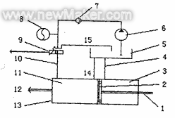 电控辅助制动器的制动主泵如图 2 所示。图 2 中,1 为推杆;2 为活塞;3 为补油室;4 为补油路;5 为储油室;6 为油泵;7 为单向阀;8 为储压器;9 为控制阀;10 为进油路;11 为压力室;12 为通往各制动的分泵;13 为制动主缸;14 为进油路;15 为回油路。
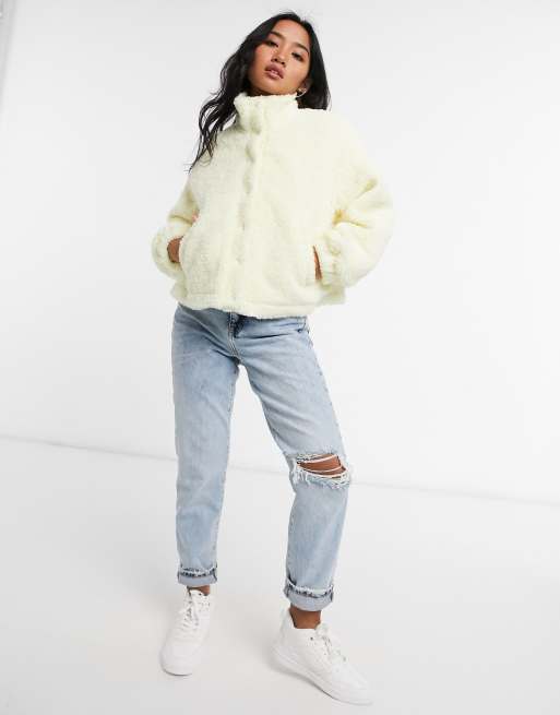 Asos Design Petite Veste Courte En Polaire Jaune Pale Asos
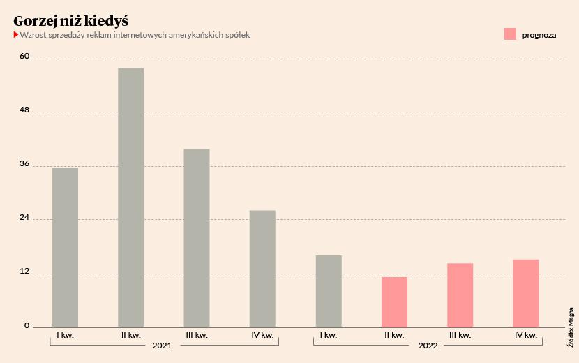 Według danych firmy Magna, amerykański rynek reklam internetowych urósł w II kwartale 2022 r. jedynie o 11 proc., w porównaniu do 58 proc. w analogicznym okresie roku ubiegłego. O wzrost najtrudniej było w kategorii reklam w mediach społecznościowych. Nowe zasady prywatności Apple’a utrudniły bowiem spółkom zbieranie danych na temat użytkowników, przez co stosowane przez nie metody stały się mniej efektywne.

:::::

*Activity*: The line containing "Asos Design Petite" and every line after it, through the end of the material above, are to be printed exactly; no pictures belong in the output.

*Response to the exercise*:
 Asos Design Petite Veste Courte En Polaire Jaune Pale Asos
 Według danych firmy Magna, amerykański rynek reklam internetowych urósł w II kwartale 2022 r. jedynie o 11 proc., w porównaniu do 58 proc. w analogicznym okresie roku ubiegłego. O wzrost najtrudniej było w kategorii reklam w mediach społecznościowych. Nowe zasady prywatności Apple’a utrudniły bowiem spółkom zbieranie danych na temat użytkowników, przez co stosowane przez nie metody stały się mniej efektywne.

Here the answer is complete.